-- RECORDS PROVIDED --

▼

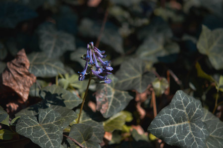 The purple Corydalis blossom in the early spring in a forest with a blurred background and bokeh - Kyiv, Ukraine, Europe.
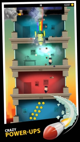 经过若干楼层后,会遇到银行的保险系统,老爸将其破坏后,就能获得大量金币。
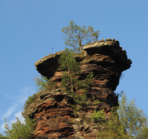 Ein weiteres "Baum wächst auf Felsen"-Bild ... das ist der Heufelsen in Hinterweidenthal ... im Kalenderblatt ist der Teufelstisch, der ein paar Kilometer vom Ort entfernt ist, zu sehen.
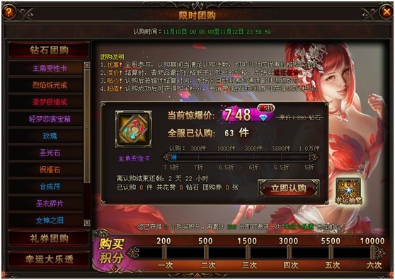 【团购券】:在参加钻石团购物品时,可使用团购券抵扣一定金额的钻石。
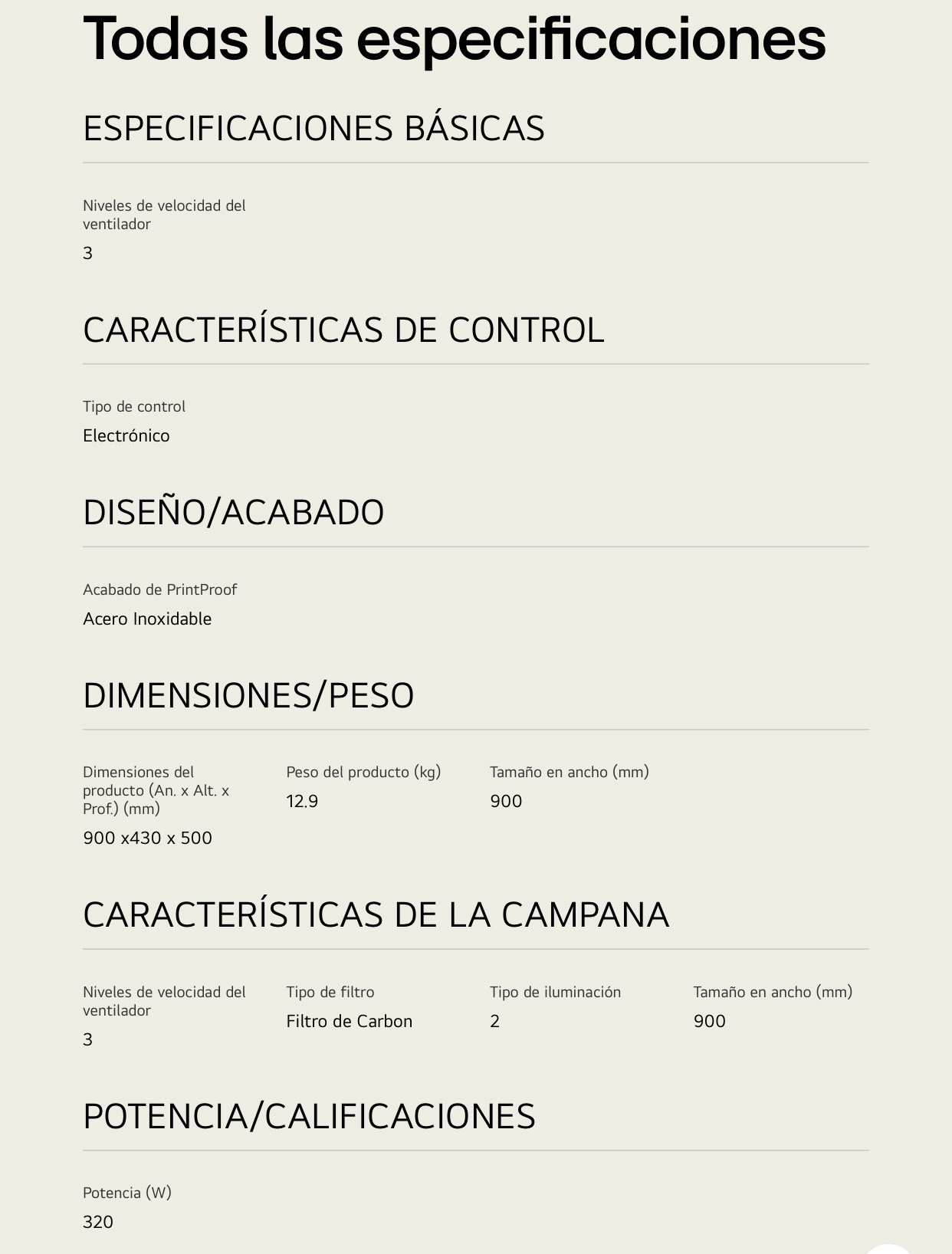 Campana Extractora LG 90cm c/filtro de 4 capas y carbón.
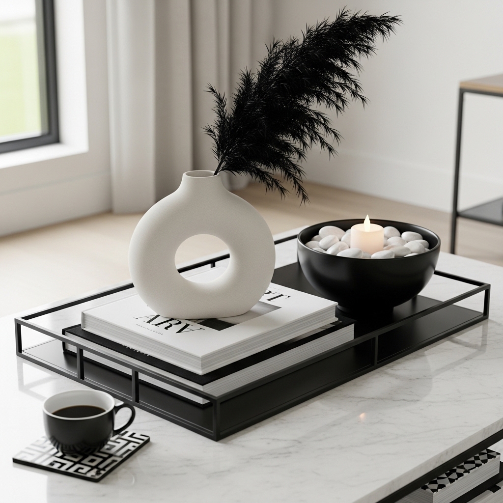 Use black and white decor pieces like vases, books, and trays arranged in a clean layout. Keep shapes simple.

▲
▼

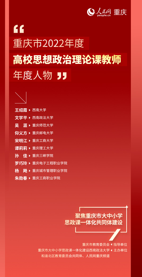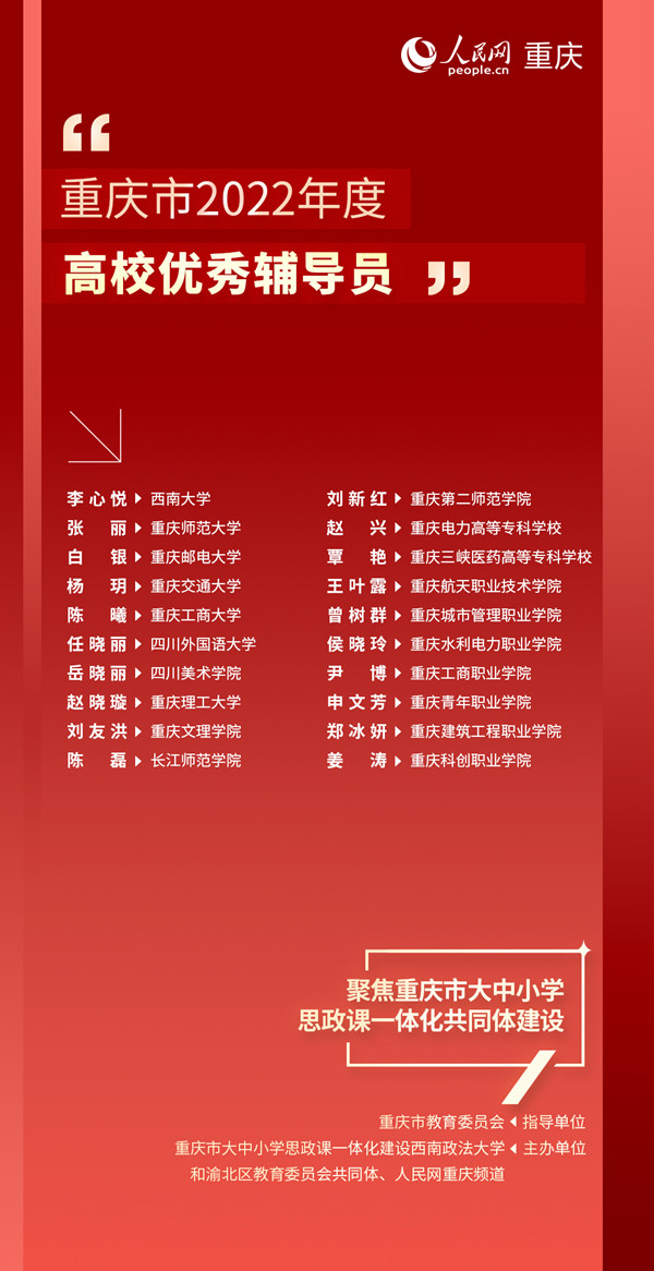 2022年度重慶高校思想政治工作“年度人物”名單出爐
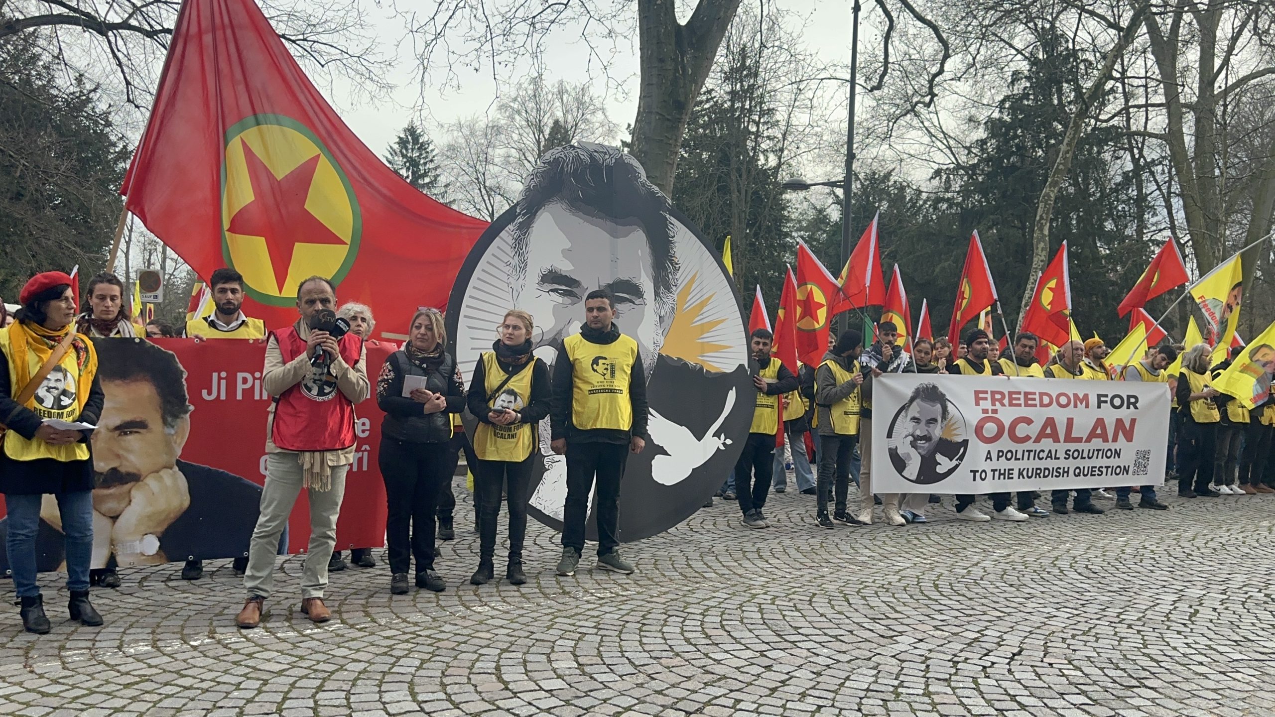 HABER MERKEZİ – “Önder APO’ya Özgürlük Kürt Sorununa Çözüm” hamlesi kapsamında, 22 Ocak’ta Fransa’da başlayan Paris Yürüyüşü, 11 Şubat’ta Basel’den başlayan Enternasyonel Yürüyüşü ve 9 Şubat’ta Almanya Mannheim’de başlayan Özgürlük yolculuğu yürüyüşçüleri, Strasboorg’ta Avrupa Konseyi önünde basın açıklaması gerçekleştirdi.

▲

-- ASSIGNMENT --
Because only one stretch of the records is wanted, please output the lines from the one holding "Campana Extractora LG" through the one holding "Use black and" exactly, both included, and leave every picture out.

-- RESPONSE TO THIS EXERCISE --
 Campana Extractora LG 90cm c/filtro de 4 capas y carbón.
 Use black and white decor pieces like vases, books, and trays arranged in a clean layout. Keep shapes simple.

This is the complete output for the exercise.